"Ban" (or "deny children access to literature") seems a pretty extreme term for something that appears to be more accurately described as "exclude from the curriculum" — or, at most, "remove from the school library."
And we may agree or disagree with the arguments for and against specific books, but school reading lists have always been shaped by moral, political and didactic agendas and views about what is appropriate for children of a particular age. A hundred years ago there's no way they would give schoolchildren a book to read with the word "fuck" in it (of course, a hundred years ago it was almost impossible to have such a book printed in the first place), and it's similarly reasonable to decide today, for example, that we won't use any book with the N-word in class. Because we are influenced by what we read, children in particular.
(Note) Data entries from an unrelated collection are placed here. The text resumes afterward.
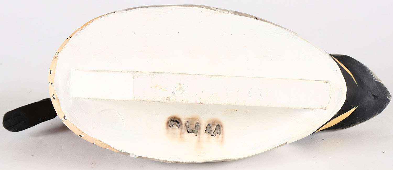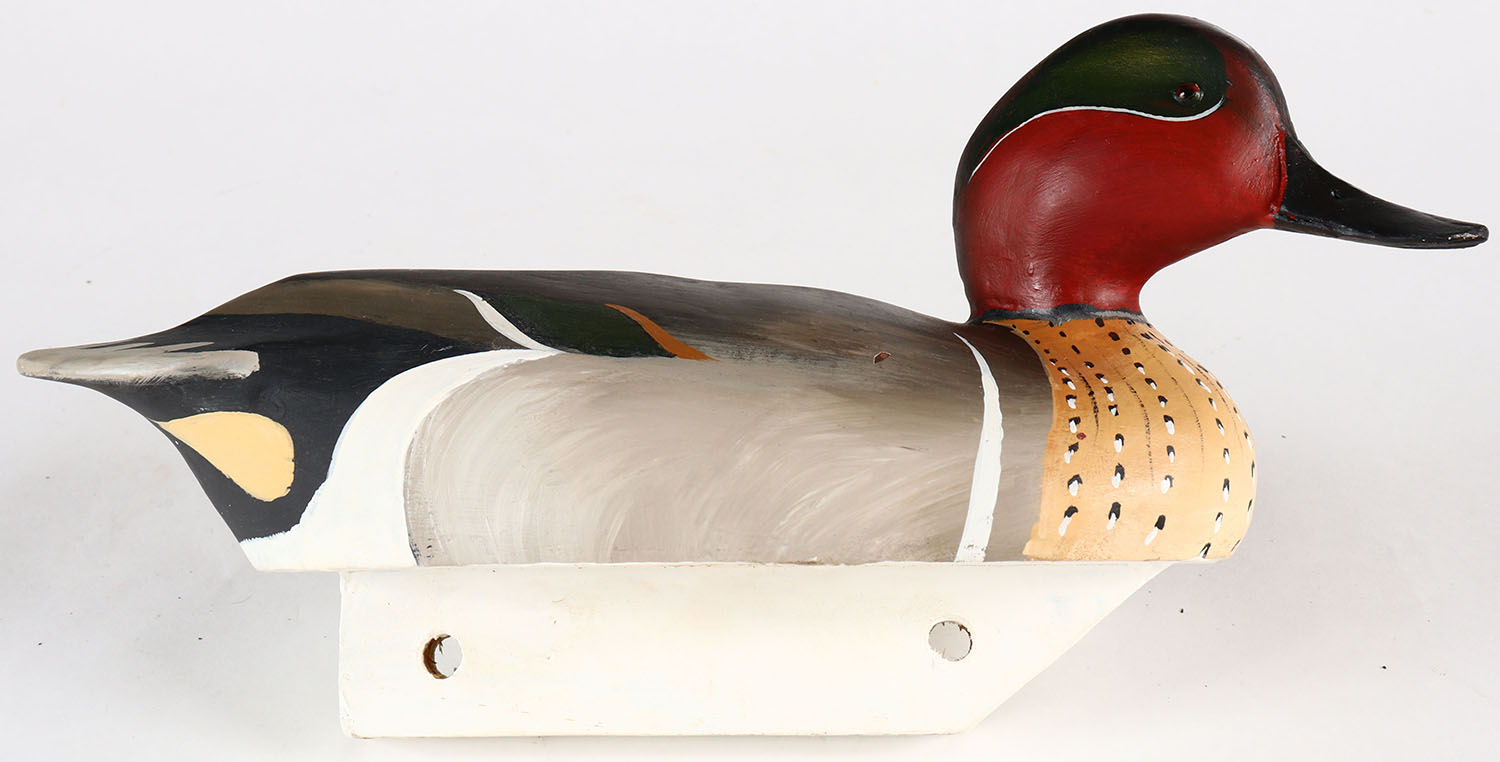Greenwing Teal Drake by Bill William Goenne, King City, CA, glass eyes, hollow wood, original paint, structurally excellent, branded WRG on bottom. Grade: Excellent + - Value: 100 to 200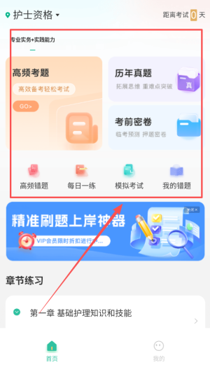2、接着,用户可以浏览丰富的题库资源,包括高频考题和历年真题,选择章节练习或模拟考试,针对性地巩固各个知识点。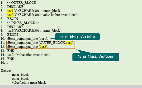 <<OUTER_BLOC>> DECLARE ln_val NUMBER :=5; BEGIN <<INNERBLOC>> DECLARE ln_val NUMBER :=3; BEGIN dbms_output.put_line(The difference between outer block and inner block variable is:'||' outer_block. ln_val-inner_block.ln_val); END; END; /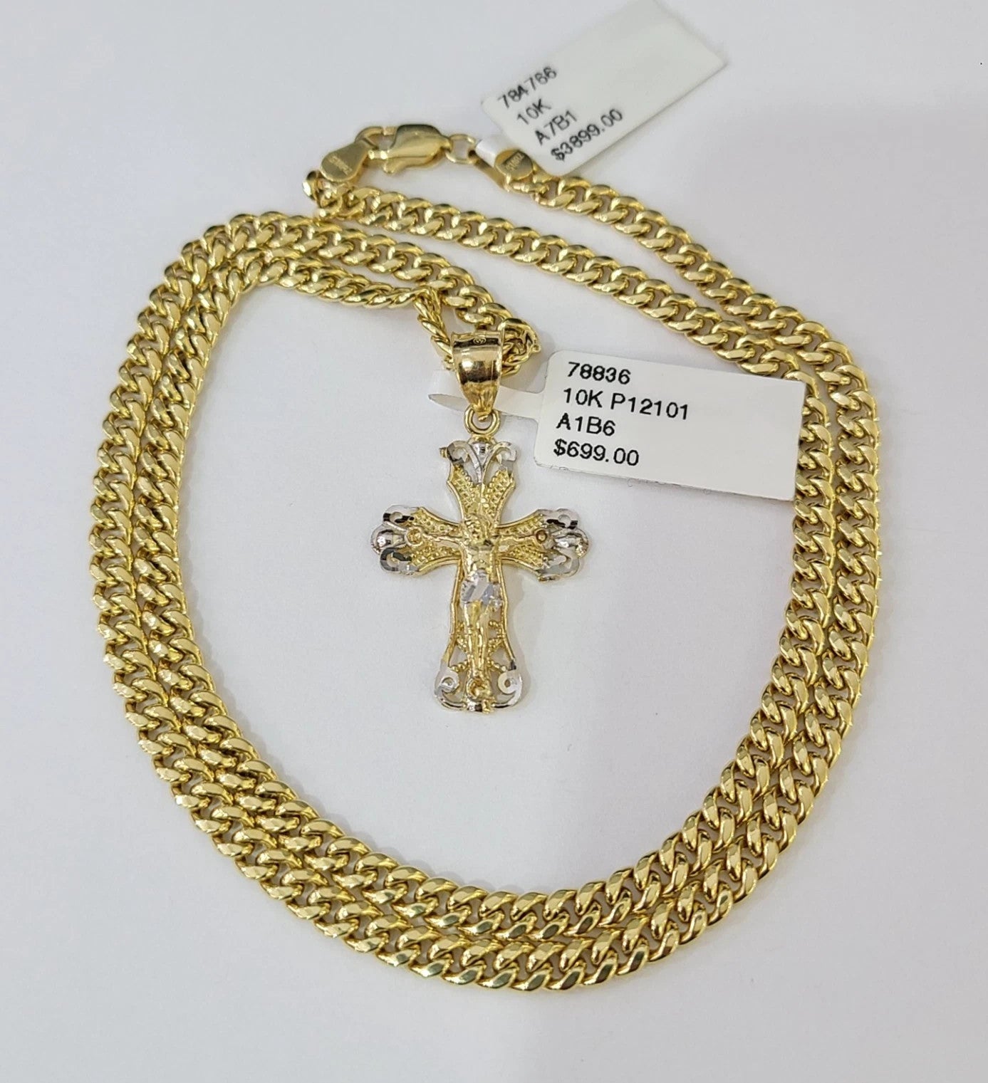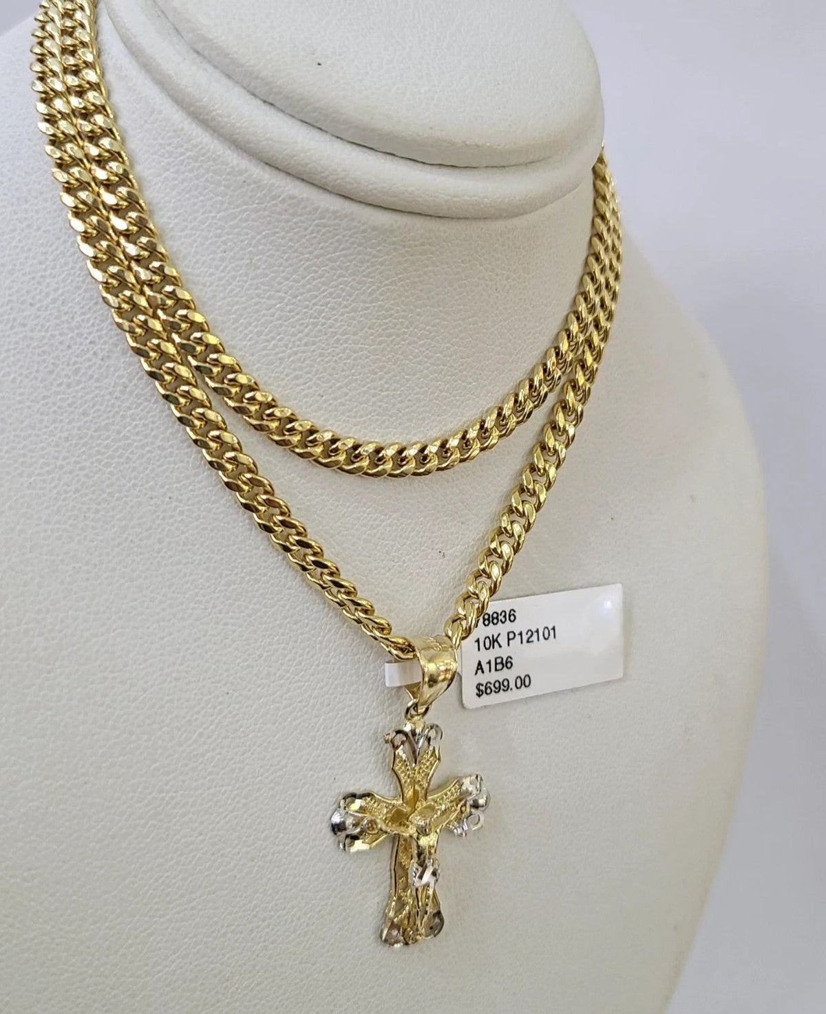 10k Gold Chain Miami Cuban Jesus Cross Charm Pendant Set 4mm 18"-28" Necklace - 20 Inch

That said, I do think schools should teach texts that reflect worldviews that differ from mainstream modern thought, both because you otherwise throw out a lot of great and culturally significant literature, and because it is important to show that people did think differently in the past, including that some prejudices were commonly accepted. And I definitely don't think you should exclude works that are in themselves unobjectionable simply because the author may have written or said other things we would find offensive. (So, for example, even if you decide against teaching The Merchant of Venice, that doesn't mean Shakespeare should be excluded from the curriculum altogether; nor should you throw out all books by Roald Dahl.)
Also, while I don't trust the WSJ to provide an unbiased summary of events, I definitely have misgivings about "cancel culture" when it goes after people who aren't "in the game" (pundits, political activists, etc.) with full force, including online harassment and threats to their careers, to punish stray comments.